▼ カカシ
じめじめした昼下がりだ。気分にも湿気がまとわりついてきてその湿っぽさにイライラしたりなんかして。身体重いなあ。頭痛いなあ。なんか熱っぽいなあ。わたしこのまま溶けて死ぬのかも。
そこまで考えて笑ってしまった。さすがにないよね、溶けるなんてそんな、幼稚な表現。
でも死んだら。わたしが死んだら。
昔死んだ友人の埋葬現場を思い返す。靄のかかった、薄情にも曖昧な記憶。
ああ、あの日も生暖かな雨が降っていたっけな。
(うあ、)
思い出して悲しみが込み上げてきた。もっともっと優しくしてあげれば良かった、なんて考えてやめる。死ぬから優しくしてあげるなんてそんなのやっぱり失礼だし幼稚だけど。でも、もう会えないなんて、思ったこともなかった。

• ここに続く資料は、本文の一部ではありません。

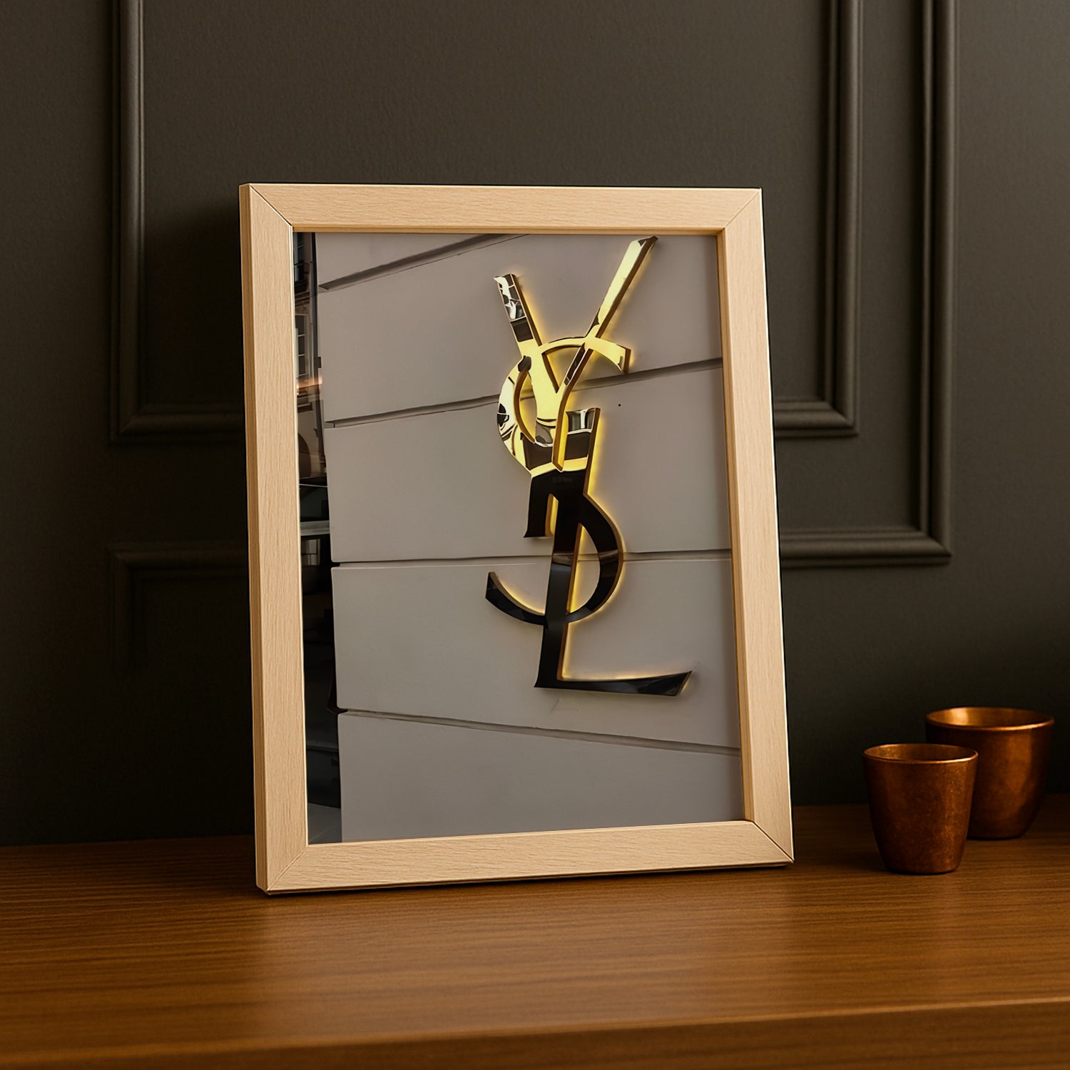 Brillez de mille feux avec ce cadre photo Yves Saint Laurent - Golden Logo ! Orné du prestigieux logo YSL en doré, ce cadre incarne le luxe et l'exclusivité. Chaque détail respire l'élégance parisienne et le prestige intemporel de la maison de couture. Parfait pour mettre en avant vos souvenirs les plus précieux, il transforme votre photo en véritable joyau de décoration. Son finition dorée ajoute une touche de glamour et de sophistication à votre intérieur. Un accessoire qui proclame votre amour pour le style et l'excellence !

少し泣こう。部屋には誰もいないし、呼び出しがあればすぐに無表情貼りつけてやる。わたしだって戦う忍びなのだから。
だから今だけ、今だけは少し。この気候のせいにして。
(あいつにも少し、優しくしてあげたいなんて思ったのもきっと)
「あらら、お取り込み中?」
「……うわあ空気読めよ」
「お前なに?泣いてんの?」
「ちょ、来なくていいから」
あろうことか、涙が一粒ぽろりと零れたとき、窓からカカシが入ってきた(窓のが楽だから開けとけって)(玄関開けっぱは怒るくせに!)。
わたしに触れようとそのしなやかに逞しい腕が伸びてくる。最悪だ。涙流してぽかんとした顔見られた。指先を手でぱちんと弾いて背を向ける。
「なんでもないから」
カカシは答えなかった。なにか言われるかと思ったから少し気まずい。なんかわたし幼稚すぎる…!恥ずかしさも手伝って潤む目じりを乱暴に拭ってベッドにダイヴ。このまま無視していれば勝手に帰ってくれるだろうと思った。
だけど違って。
「空気読めなくてごめん」
「、ほ ほんとに、ね」
「けど1人にしたくないんだよね」
「わたしはっ…1人が いい、」
「俺、空気読めないしお前の望むこともわかんないよ。だから俺がしたいようにする」
「は、…い、意味わかんない…!バカカシ!」
「うん、バカだよねえ俺」
顔を上げたらカカシは嫌になるくらいにこーっと笑っていて。躍起になってる自分がバカみたいだと毒気が抜かれる。むかつくので盛大なため息をお見舞いしてみても、カカシはただ優しく笑ってるだけ。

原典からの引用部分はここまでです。